Work instructions: Pictures appear among the records below and must be omitted. Repeat exactly the lines from the line with "무엇보다도 공원에서 내려다보는" to the line with "由于碰撞速度、粒徑和液滴黏度", both included.

Material supplied:
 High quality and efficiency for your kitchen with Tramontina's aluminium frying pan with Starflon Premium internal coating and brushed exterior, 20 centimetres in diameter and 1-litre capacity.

==

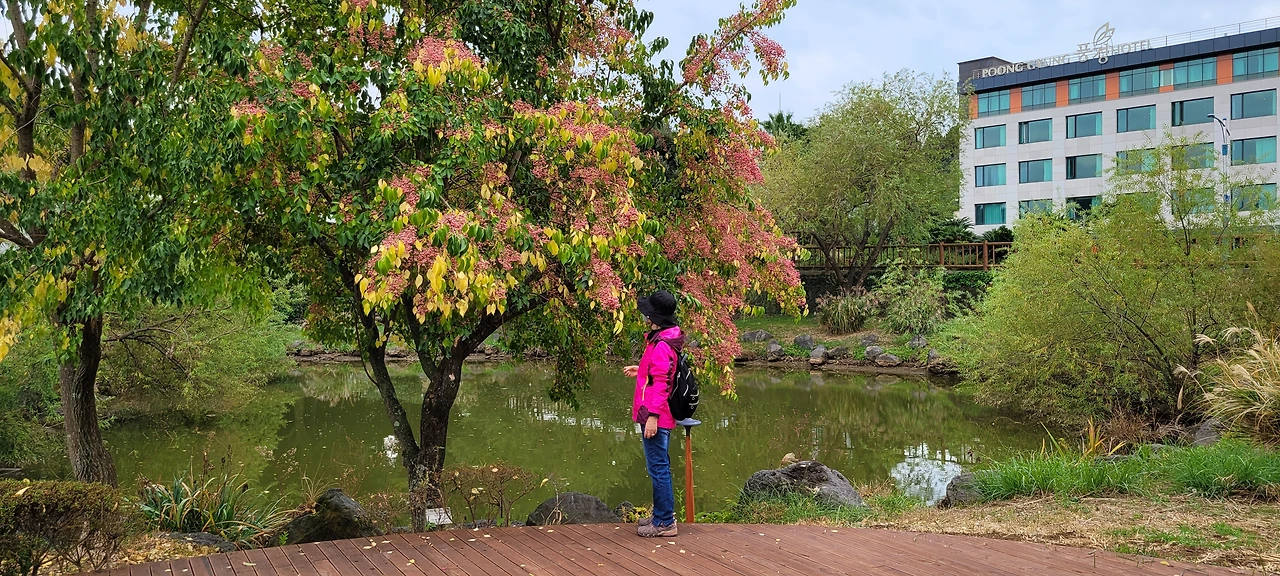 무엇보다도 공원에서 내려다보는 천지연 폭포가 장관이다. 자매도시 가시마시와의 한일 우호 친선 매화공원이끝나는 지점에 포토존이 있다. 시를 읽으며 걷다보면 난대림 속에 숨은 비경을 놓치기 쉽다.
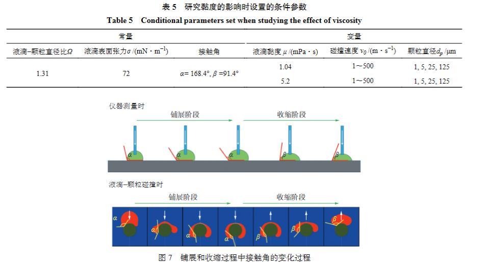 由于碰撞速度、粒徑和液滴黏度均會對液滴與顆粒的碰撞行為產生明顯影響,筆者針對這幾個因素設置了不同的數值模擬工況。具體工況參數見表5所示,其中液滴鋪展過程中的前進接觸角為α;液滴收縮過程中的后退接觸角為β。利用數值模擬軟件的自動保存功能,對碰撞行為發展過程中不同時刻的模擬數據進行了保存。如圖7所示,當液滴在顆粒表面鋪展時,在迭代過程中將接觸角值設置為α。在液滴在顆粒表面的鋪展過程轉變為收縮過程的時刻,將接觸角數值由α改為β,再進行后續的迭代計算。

Solution to this task:
 무엇보다도 공원에서 내려다보는 천지연 폭포가 장관이다. 자매도시 가시마시와의 한일 우호 친선 매화공원이끝나는 지점에 포토존이 있다. 시를 읽으며 걷다보면 난대림 속에 숨은 비경을 놓치기 쉽다.
 由于碰撞速度、粒徑和液滴黏度均會對液滴與顆粒的碰撞行為產生明顯影響,筆者針對這幾個因素設置了不同的數值模擬工況。具體工況參數見表5所示,其中液滴鋪展過程中的前進接觸角為α;液滴收縮過程中的后退接觸角為β。利用數值模擬軟件的自動保存功能,對碰撞行為發展過程中不同時刻的模擬數據進行了保存。如圖7所示,當液滴在顆粒表面鋪展時,在迭代過程中將接觸角值設置為α。在液滴在顆粒表面的鋪展過程轉變為收縮過程的時刻,將接觸角數值由α改為β,再進行后續的迭代計算。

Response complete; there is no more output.